Neil - Most Swiss campsites worth their salt will have a website so that you can view their rates. Get the site names from the nearest town tourist office website and go from there. Sites in the more popular areas of Switzerland such as Interlaken tend to extend their high season until mid September.


----------



## Rapide561

*Switzerland*

Hi

I agree with Roy - use ACSI where you can.

Also, for searching, do not use Google.co.uk but instead use www.google.ch - as you are then using the Swiss Google, the search results are better. Just seach for "camping Lucerne" etc - you will get a lot more relevant info using the local Google rather than our own version.

Russell


----------



## ThursdaysChild

As has been noted, the Interlaken and Berner Oberland area remain popular and in demand long after the kiddiewinks have gone home. That's when the more mature folk go on holiday and when there are still rich pickings to be had.
If you choose the Rhone Valley route from say Brig or Chur down to Martigny, you will be more likely to get off-peak bargains. The sites won't be so glitzy, but the scenery is still breathtaking.


----------



## homenaway

Hi,
we visited Switzerland a couple of years ago in June and found several ACSI discount sites some at €11 usually with additional hefty tourist and waste disposal taxes   so in September there may be some discounts available. Some TCS (Touring Club of Switzerland) campsites have service aires at their entrances but usually not much parking space.

Some Swiss campsites are not all that attractive being mostly statics - old caravans with homebuilt extensions with only a few touring pitches. Our favourite sites were a CL type one at Weggis near Lake Luzern lthat Barryd recently stayed at (I think) and Attermentzen, a touring site near Zermatt and the Matterhorn.

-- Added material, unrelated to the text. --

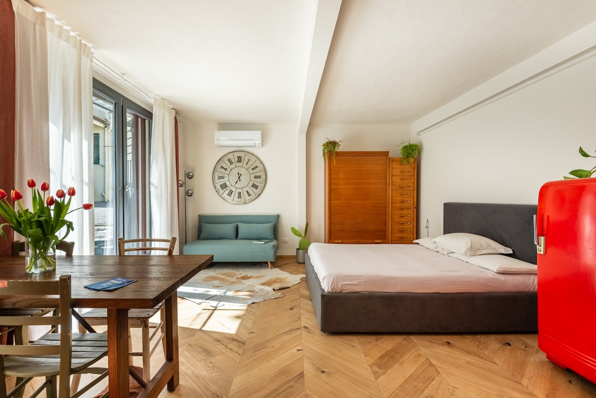 Monolocale al piano terra, si trova in una bella casa, nel cuore delle Cure, tranquillo quartiere di Firenze. Appartamento Fonderia è raccolto in un unica stanza completa di tutto, microonde/forno, frigorifero, lavatrice, lavastoviglie e bagno con doccia. È arredato in uno stile immacolato e contemporaneo. Wi-fi e , 1 Posto auto gratuito, 2 biciclette uso gratuito non assicurate Il letto è matrimoniale + 1 divano letto a una piazza e mezzo adatto a bambini. 2 bici disponibili

We also found a few aires which were free or a few SFr's and have listed the places we stayed at (or visited) on our website here:

Swiss campsites and aires

We also stayed at a few unofficial overnight parking places without problems.

Steve


----------



## neilanddot

Thank you all so much for your advice, it will give us something to work on. However the latest in the saga is that our lovely 12 year old travelling companion, Chester (Collie/Springer) has developed what seems to be either a stroke or Vestibular syndrome, vet hopefully will clarify 2moro. So the whole trip may have to be re assessed. Neil


----------



## Sideways86

I do hope your canine friend is OK

We have just come back from Interlaken and stayed at Lazy Rancho booked through CC and was reasonable price with immaculate facilities, ten mins stroll from Interlaken town itself.

Very nice place we are already planning going back next year it was so good

They have their own website also and you will find Stephen and his family most helpfull and accomodating

Regards


----------